SUMMARY OF THE INVENTION
[0010] The present invention provides a dough product with enhanced
microbiological safety. More specifically, the present invention
relates to an antimicrobial composition that may be incorporated
into food products, especially dough products, to enhance
microbiological safety of the product.
[0011] In its first aspect, the present invention is directed to an
antimicrobial broth composition. The antimicrobial broth
composition comprises the fermentation product from an aqueous
solution of a bacteriocin-producing lactic acid bacteria culture, a
carbon source, a yeast extract, a nitrogen source, and a lactic
acid-neutralizer. In a second aspect, the invention is directed to
a dough product having enhanced microbiological safety.
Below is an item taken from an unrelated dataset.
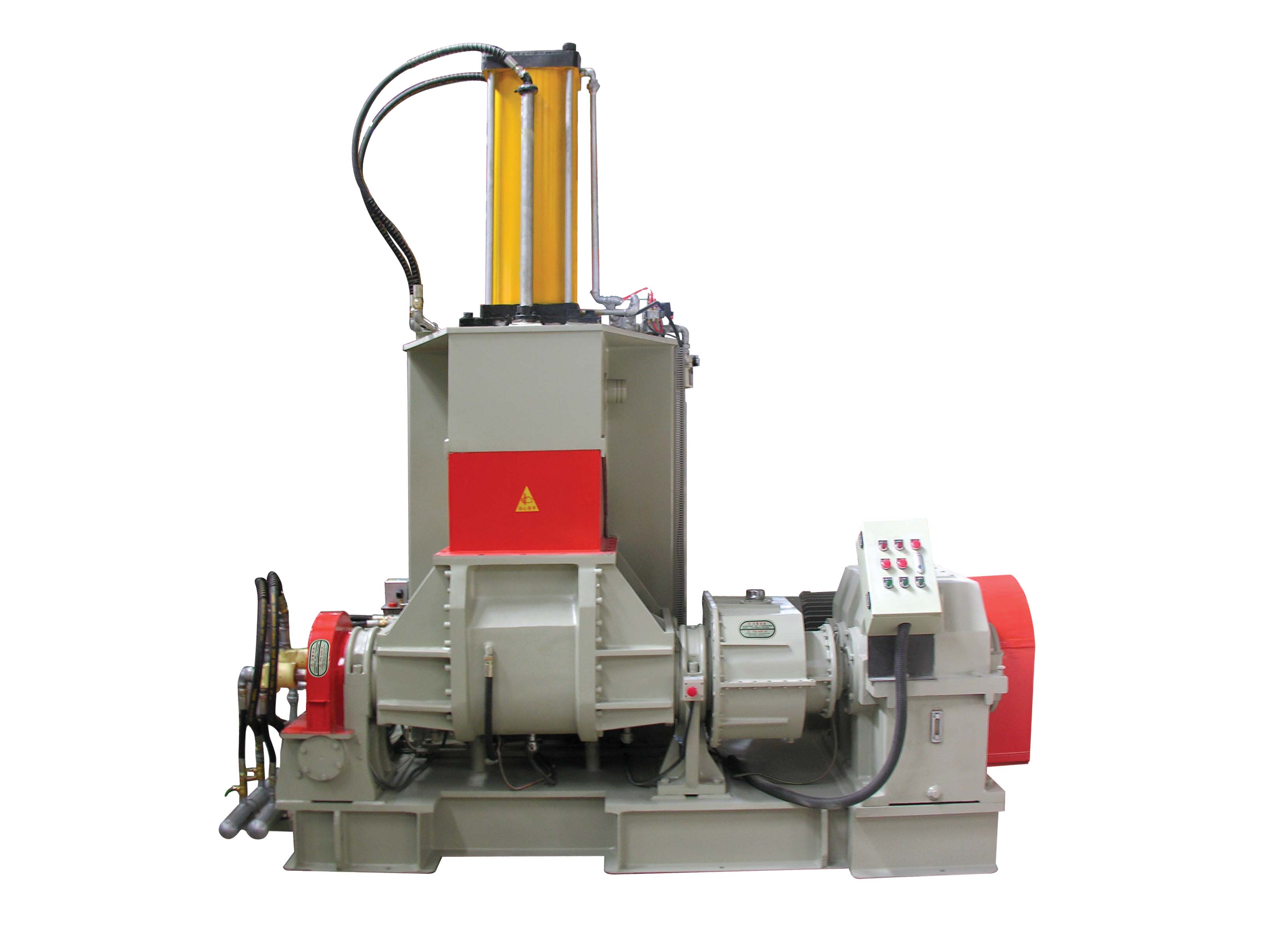 1.結(jié)構(gòu):使用蝸輪式結(jié)構(gòu)做混煉室傾轉(zhuǎn)卸料。

The dough
product of the present invention comprises flour, water, and an
antimicrobial broth composition.
[0012] In another aspect, the invention is directed to a method of
making an antimicrobial broth composition. The method comprises
preparing a broth composition by combining about 1 to about 10% of
a carbon source, about 0.1 to about 5% yeast extract, about 0.1 to
about 5% of a nitrogen source, about 0.1% to about 5% of a lactic
acid-neutralizer, and about 0.1% to about 2% sodium chloride to an
aqueous medium. The broth composition prepared in the first step is
sterilized at a temperature of about 121.degree. C. for about 15
minutes to about 30 minutes. The sterilized broth composition is
then inoculated with a bacteriocin-producing lactic acid bacteria
culture at a cell concentration of about 1.times.10.sup.6 cfu/ml to
about 1.times.10.sup.7 cfu/ml. The inoculated broth composition is
incubated at a temperature of about 20.degree. C. to about
40.degree. C. for about 1 day to about 3 days. During incubation,
the inoculated broth composition is preferably subject to mild
agitation. The cultured broth is then ready to use without need for
any further processing. However, it can be optionally processed
further for storage or later use. For example, it can be
refrigerated or concentrated and refrigerated for later use. The
storage should be less than 4 weeks. Preferably, the freshly
prepared broth is immediately used for dough making to obtain the
best results.
[0013] In yet another aspect, the invention is directed to a method
of making a dough product having enhanced microbiological safety.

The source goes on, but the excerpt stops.